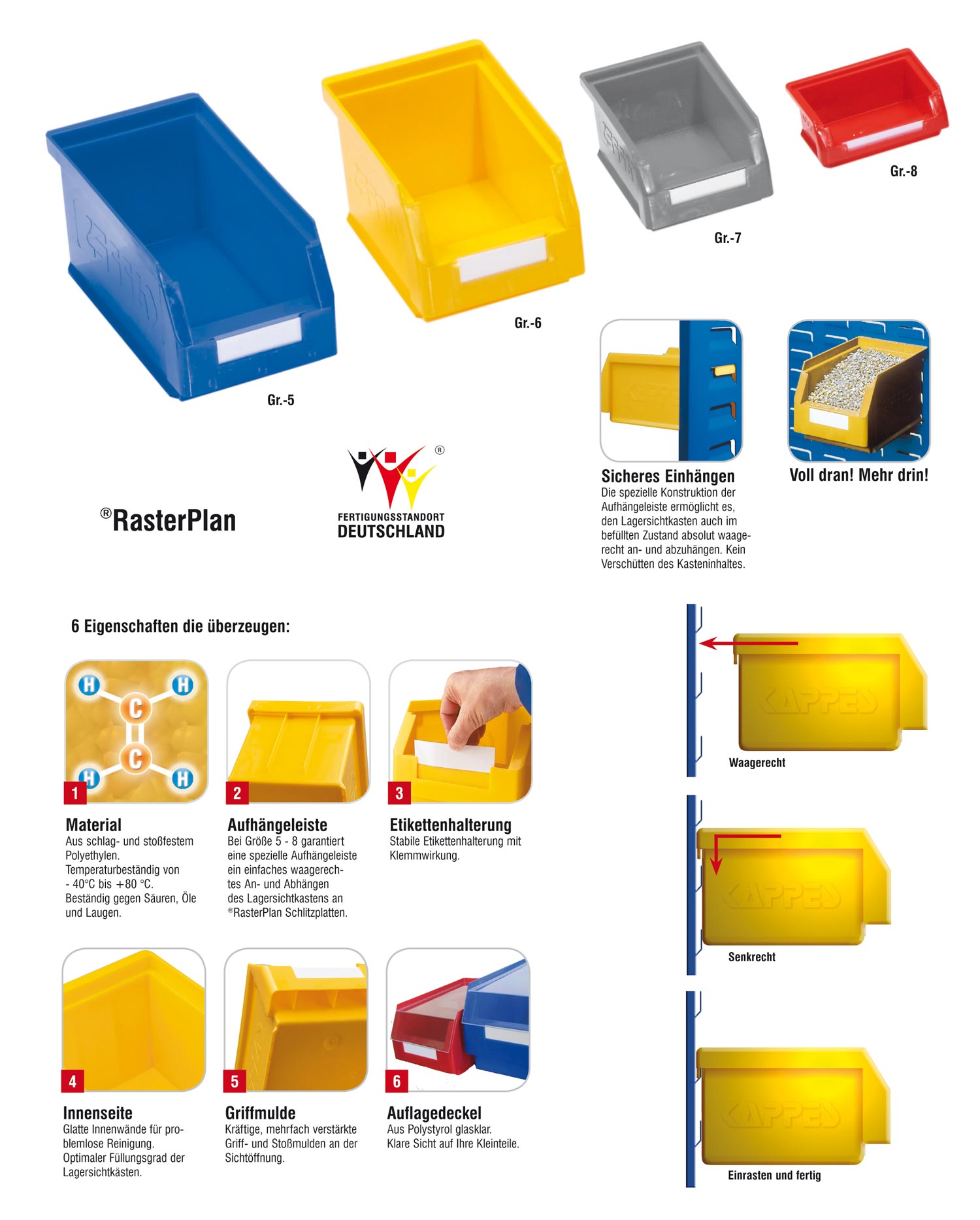®RasterPlan Schlitzplatten Einsteigerset 3 RAL 5010. 1 x Schlitzplatte H 450 x B 1000 mm 6 x Lagersichtkästen Größe 6 16 x Lagersichtkästen Größe 7 8 x Lagersichtkästen Größe 8.
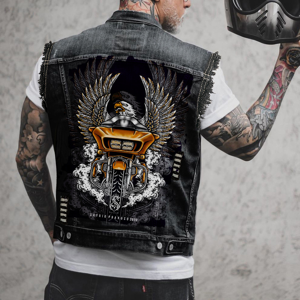 Mootorrattavesti trükitud vabaaja raske käsitöö, kantud ja pestud, meeste teksavarrukateta topp 2285
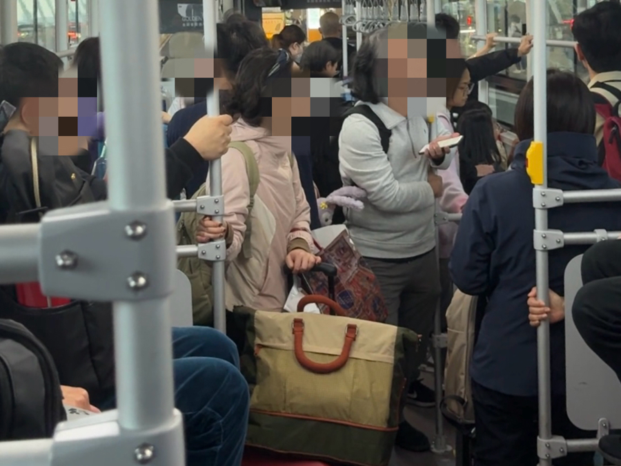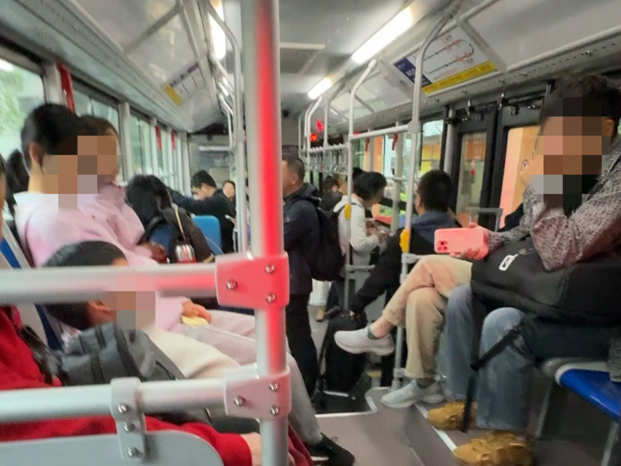 乘客吴女士带着一家老小回老家。她告诉记者,他们第一次尝试来P4停车场,一家要出行2天半,停这边费用能比周边其他停车场便宜近一半。他们将2个大的行李箱放在站立区,由长辈在那儿看管,“台阶上座位区的空间有限,没必要把行李搬上来。”穿梭巴士将会转弯经过2个地面十字路口,转向是有一定侧倾。后来的乘客与行李挤在一道,需要一手捏着扶手,一手拉着行李,避免行李滚动。

*Task goal:* Retype all of the listing word for word and skip the pictures.

*Exercise result:*
®RasterPlan Schlitzplatten Einsteigerset 3 RAL 5010. 1 x Schlitzplatte H 450 x B 1000 mm 6 x Lagersichtkästen Größe 6 16 x Lagersichtkästen Größe 7 8 x Lagersichtkästen Größe 8.
 Mootorrattavesti trükitud vabaaja raske käsitöö, kantud ja pestud, meeste teksavarrukateta topp 2285
 乘客吴女士带着一家老小回老家。她告诉记者,他们第一次尝试来P4停车场,一家要出行2天半,停这边费用能比周边其他停车场便宜近一半。他们将2个大的行李箱放在站立区,由长辈在那儿看管,“台阶上座位区的空间有限,没必要把行李搬上来。”穿梭巴士将会转弯经过2个地面十字路口,转向是有一定侧倾。后来的乘客与行李挤在一道,需要一手捏着扶手,一手拉着行李,避免行李滚动。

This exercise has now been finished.